Definition push {a} (l : list a) (x : a)
: { l' | l' = x :: l } :=
exist _ (x :: l) eq_refl.
And the extracted code is just as straightforward.
let push l a =
Cons (a, l)
Defining head
Same as pop and push, it is possible to add extra information in the
type of head, namely the returned value of head is indeed the first value
of l.
Definition head {a} (l : list a | ~ empty l)
: { x | exists r, proj1_sig l = x :: r }.
It's not a surprise its definition is very close to pop.
refine (match proj1_sig l as l'
return proj1_sig l = l' -> _
with
| [] => fun equ => _
| x :: _ => fun equ => exist _ x _
end eq_refl).
The proof is also very similar, and are left to read as an exercise for passionate readers.

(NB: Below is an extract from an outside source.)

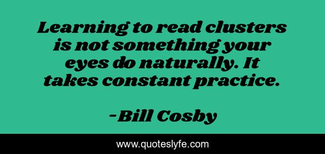 This page presents the quote "Learning to read clusters is not something your eyes do naturally. It takes constant practice.". Author of this quote is Bill Cosby. This quote is about eyes, practice, something,.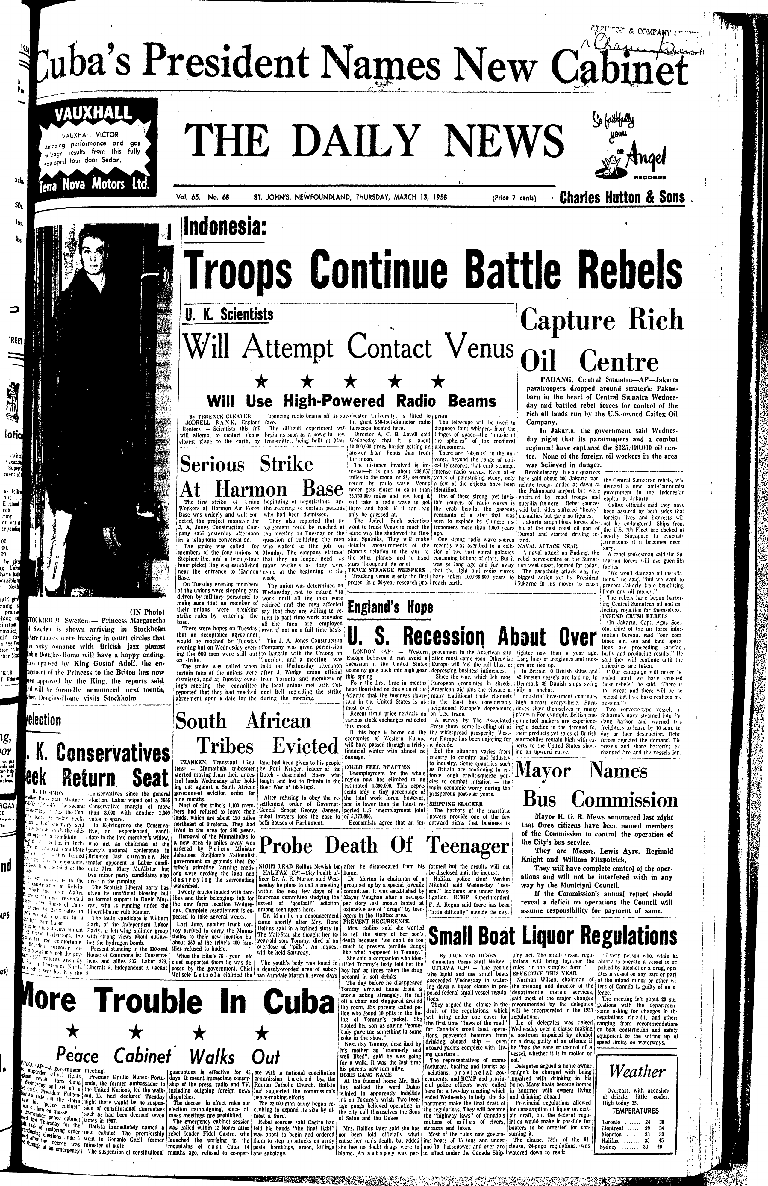• • • W: r's Heated Apply ~ New >wer fmtc!l NEWS, ST. JdHN'S, NFLD., THURSDAY, MARCH 13, 1958 ,,.,.. __ KINSMEN a per BINGO SERIES R TO-D

+ destruct l as [l falso]; cbn in *.
rewrite equ in falso.
exfalso.
now apply falso.
+ exists l0.
now rewrite equ.
Defined.
Finally, the extracted code is as straightforward as it can get.
let head = function
| Nil -> assert false (* absurd case *)
| Cons (a, l0) -> a
Conclusion
Writing strongly specified functions allows for reasoning about the result
correctness while computing it. This can help in practice. However, writing
these functions with the refine tactic does not enable a very idiomatic
Coq code.
To improve the situation, the Program framework distributed with the
Coq standard library helps, but it is better to understand what Program
achieves under its hood, which is basically what we have done in this article.